_Problem requirements_:
Among the lines below, keep only those from the one containing "ספסל עץ למקלחת" through the one containing "Цикл мойки запускается", and reproduce them exactly.

_Supplied material_:
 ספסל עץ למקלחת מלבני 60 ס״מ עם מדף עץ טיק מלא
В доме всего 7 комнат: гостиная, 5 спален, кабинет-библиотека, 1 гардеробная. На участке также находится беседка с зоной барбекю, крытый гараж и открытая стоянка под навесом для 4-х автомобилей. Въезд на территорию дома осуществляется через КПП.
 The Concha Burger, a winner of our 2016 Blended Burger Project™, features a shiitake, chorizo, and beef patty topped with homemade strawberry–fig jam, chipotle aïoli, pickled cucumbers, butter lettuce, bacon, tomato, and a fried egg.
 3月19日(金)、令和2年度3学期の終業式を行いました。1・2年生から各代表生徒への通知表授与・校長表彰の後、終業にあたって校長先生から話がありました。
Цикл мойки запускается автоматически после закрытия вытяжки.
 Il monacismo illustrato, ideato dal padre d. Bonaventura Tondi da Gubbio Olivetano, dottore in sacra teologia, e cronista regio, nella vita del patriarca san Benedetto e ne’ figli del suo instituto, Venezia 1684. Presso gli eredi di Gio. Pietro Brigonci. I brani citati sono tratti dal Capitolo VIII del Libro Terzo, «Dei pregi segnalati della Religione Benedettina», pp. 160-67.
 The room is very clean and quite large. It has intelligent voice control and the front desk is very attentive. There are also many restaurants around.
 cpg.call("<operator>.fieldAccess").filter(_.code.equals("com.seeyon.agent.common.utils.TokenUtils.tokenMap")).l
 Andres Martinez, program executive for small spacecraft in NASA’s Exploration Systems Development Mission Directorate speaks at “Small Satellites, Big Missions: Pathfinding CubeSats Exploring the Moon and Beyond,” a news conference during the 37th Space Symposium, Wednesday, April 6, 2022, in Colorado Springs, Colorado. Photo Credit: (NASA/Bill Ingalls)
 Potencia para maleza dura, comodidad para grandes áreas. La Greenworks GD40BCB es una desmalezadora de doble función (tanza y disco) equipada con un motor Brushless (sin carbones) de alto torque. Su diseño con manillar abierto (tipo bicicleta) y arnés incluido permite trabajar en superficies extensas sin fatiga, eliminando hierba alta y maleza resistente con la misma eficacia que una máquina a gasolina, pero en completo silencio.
* * *
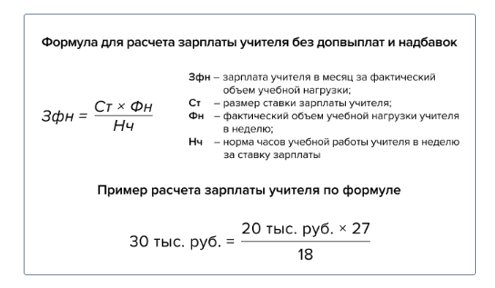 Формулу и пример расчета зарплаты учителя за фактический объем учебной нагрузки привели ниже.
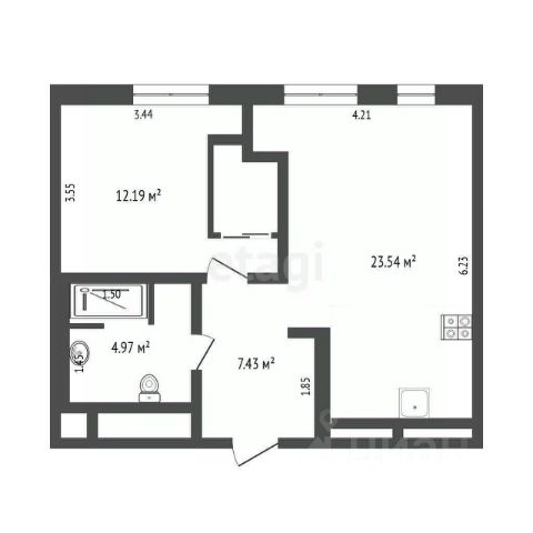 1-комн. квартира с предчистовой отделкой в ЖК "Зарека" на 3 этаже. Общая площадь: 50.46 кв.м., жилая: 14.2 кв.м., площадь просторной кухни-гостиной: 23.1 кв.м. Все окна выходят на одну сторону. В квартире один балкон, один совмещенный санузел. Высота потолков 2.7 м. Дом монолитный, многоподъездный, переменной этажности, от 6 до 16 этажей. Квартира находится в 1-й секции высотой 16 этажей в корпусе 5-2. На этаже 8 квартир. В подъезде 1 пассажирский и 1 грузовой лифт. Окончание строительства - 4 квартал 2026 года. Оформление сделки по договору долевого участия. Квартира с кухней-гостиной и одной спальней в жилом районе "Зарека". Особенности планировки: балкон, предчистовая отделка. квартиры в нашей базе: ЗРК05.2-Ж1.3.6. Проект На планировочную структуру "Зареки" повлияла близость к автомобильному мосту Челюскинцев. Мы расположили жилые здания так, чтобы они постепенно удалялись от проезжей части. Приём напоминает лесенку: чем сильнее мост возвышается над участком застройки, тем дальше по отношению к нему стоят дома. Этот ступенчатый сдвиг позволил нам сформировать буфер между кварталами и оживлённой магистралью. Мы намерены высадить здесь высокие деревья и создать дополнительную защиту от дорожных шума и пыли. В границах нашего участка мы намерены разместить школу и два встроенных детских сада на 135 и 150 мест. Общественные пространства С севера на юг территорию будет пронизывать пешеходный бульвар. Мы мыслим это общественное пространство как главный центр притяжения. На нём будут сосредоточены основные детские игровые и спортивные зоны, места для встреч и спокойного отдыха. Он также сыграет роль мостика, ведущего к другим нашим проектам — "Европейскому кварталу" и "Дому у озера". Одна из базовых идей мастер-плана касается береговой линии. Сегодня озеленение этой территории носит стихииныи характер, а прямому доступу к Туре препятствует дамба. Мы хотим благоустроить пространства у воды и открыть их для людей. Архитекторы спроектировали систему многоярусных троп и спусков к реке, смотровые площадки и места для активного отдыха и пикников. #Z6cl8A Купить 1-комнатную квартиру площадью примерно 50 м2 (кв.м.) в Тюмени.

_Response area_:
 ספסל עץ למקלחת מלבני 60 ס״מ עם מדף עץ טיק מלא
В доме всего 7 комнат: гостиная, 5 спален, кабинет-библиотека, 1 гардеробная. На участке также находится беседка с зоной барбекю, крытый гараж и открытая стоянка под навесом для 4-х автомобилей. Въезд на территорию дома осуществляется через КПП.
 The Concha Burger, a winner of our 2016 Blended Burger Project™, features a shiitake, chorizo, and beef patty topped with homemade strawberry–fig jam, chipotle aïoli, pickled cucumbers, butter lettuce, bacon, tomato, and a fried egg.
 3月19日(金)、令和2年度3学期の終業式を行いました。1・2年生から各代表生徒への通知表授与・校長表彰の後、終業にあたって校長先生から話がありました。
Цикл мойки запускается автоматически после закрытия вытяжки.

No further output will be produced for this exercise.